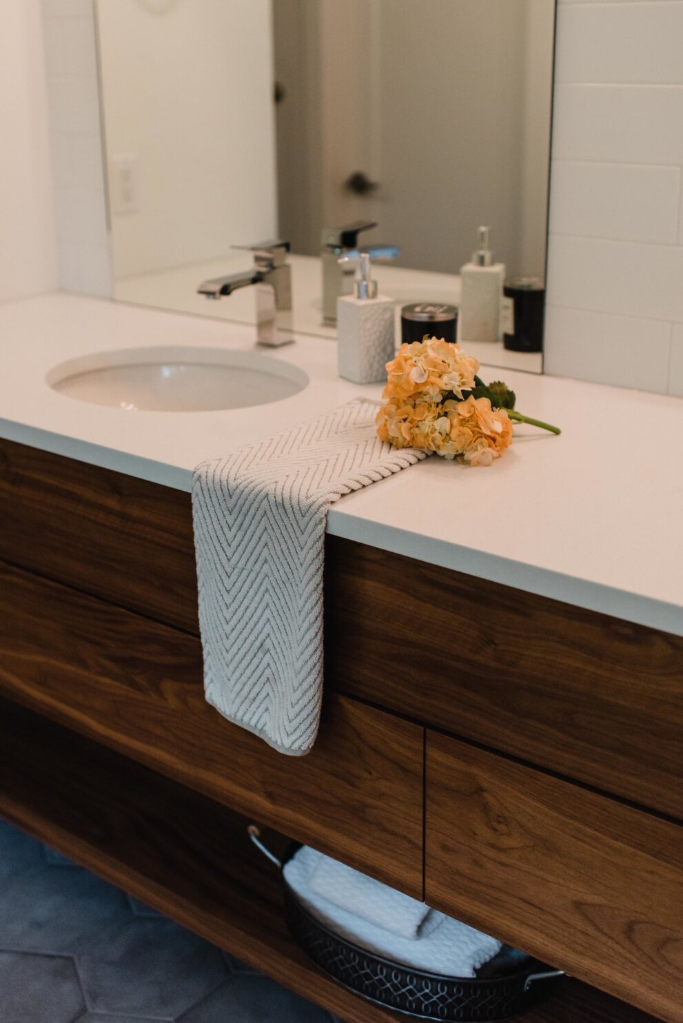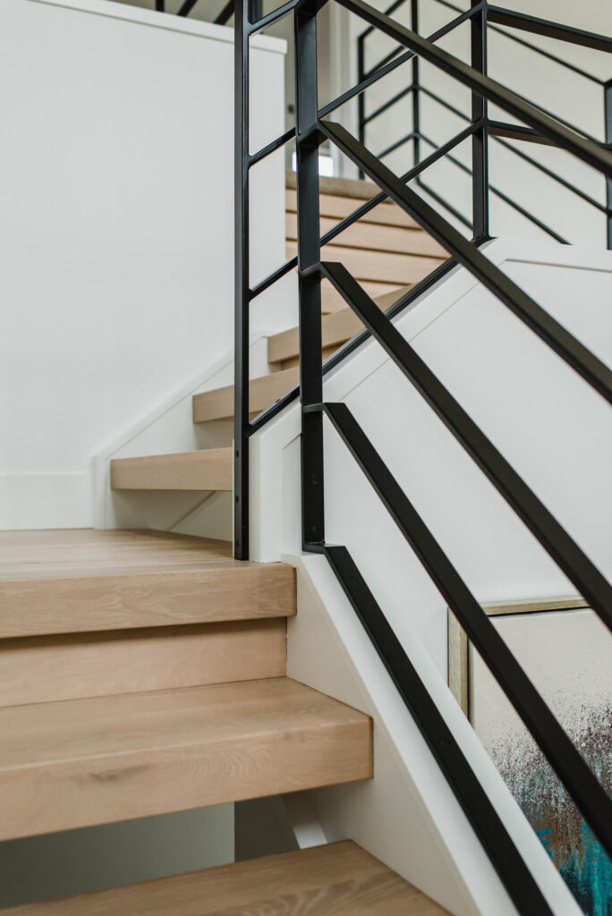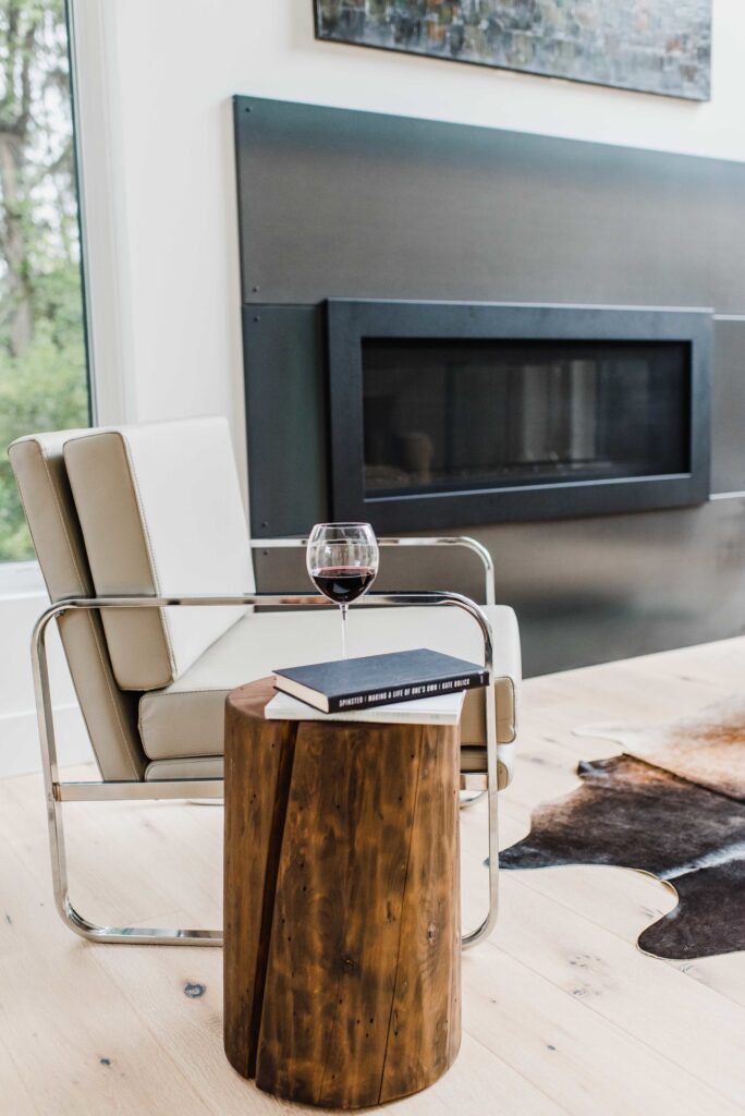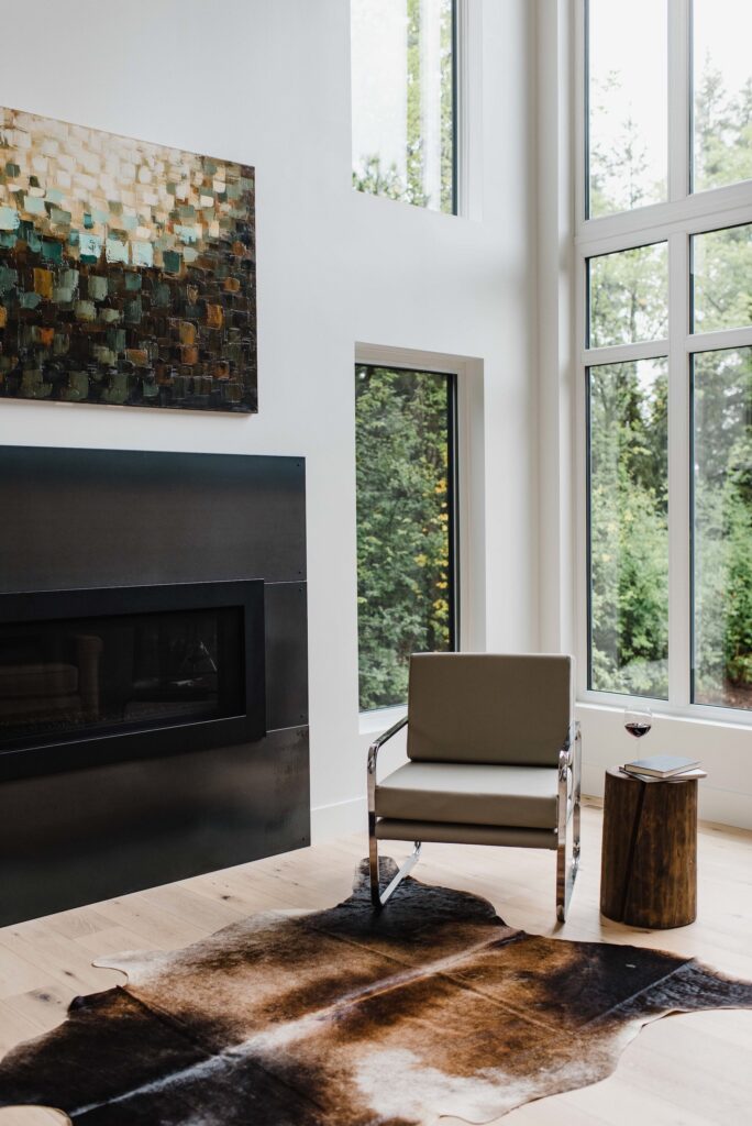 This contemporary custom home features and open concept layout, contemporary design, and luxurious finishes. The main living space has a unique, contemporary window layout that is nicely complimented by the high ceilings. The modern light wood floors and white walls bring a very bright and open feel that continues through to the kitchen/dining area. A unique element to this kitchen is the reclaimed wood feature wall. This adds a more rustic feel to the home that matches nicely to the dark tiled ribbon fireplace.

==

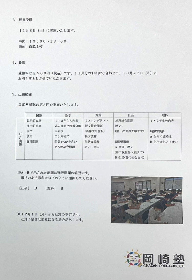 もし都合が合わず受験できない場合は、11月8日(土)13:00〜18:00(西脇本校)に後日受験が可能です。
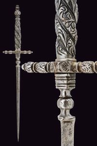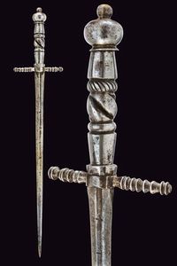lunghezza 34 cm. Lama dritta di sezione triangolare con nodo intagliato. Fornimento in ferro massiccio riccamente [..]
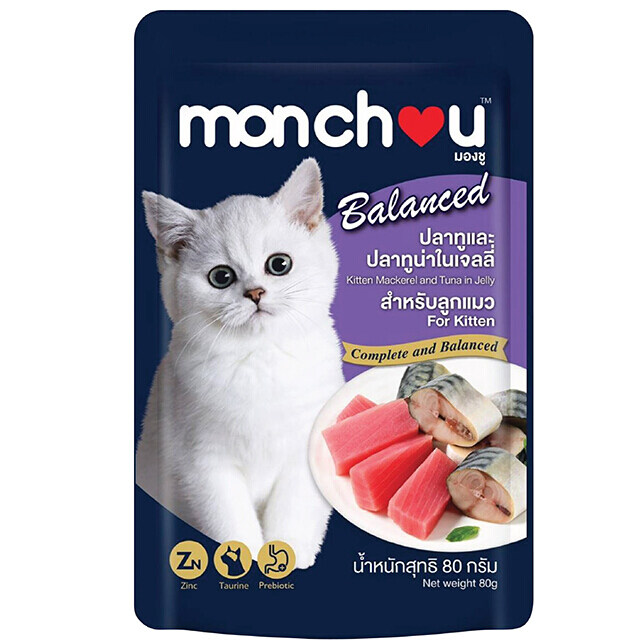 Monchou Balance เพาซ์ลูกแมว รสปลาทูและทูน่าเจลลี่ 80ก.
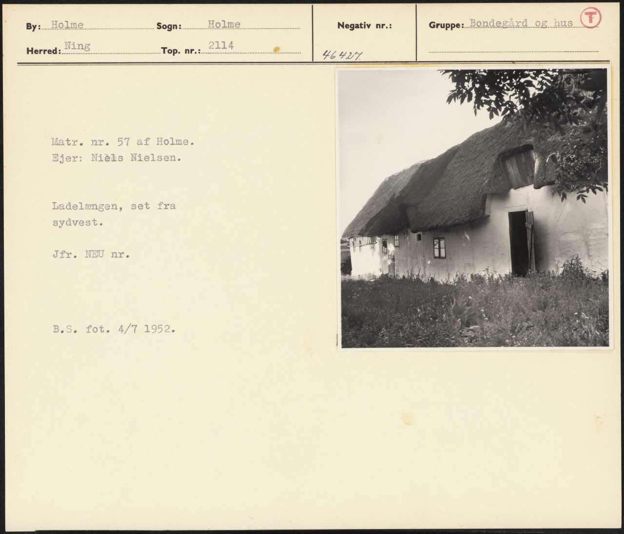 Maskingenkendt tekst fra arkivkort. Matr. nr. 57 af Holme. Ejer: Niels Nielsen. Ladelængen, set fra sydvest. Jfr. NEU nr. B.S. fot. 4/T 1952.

INSTRUCTIONS FOR THE TASK
Since the pictures are not part of the copy, please transcribe only the lines above from the one with "もし都合が合わず受験できない" through the one with "Monchou Balance เพาซ์ลูกแมว", exactly and with both ends.

PROBLEM SOLUTION
 もし都合が合わず受験できない場合は、11月8日(土)13:00〜18:00(西脇本校)に後日受験が可能です。
lunghezza 34 cm. Lama dritta di sezione triangolare con nodo intagliato. Fornimento in ferro massiccio riccamente [..]
 Monchou Balance เพาซ์ลูกแมว รสปลาทูและทูน่าเจลลี่ 80ก.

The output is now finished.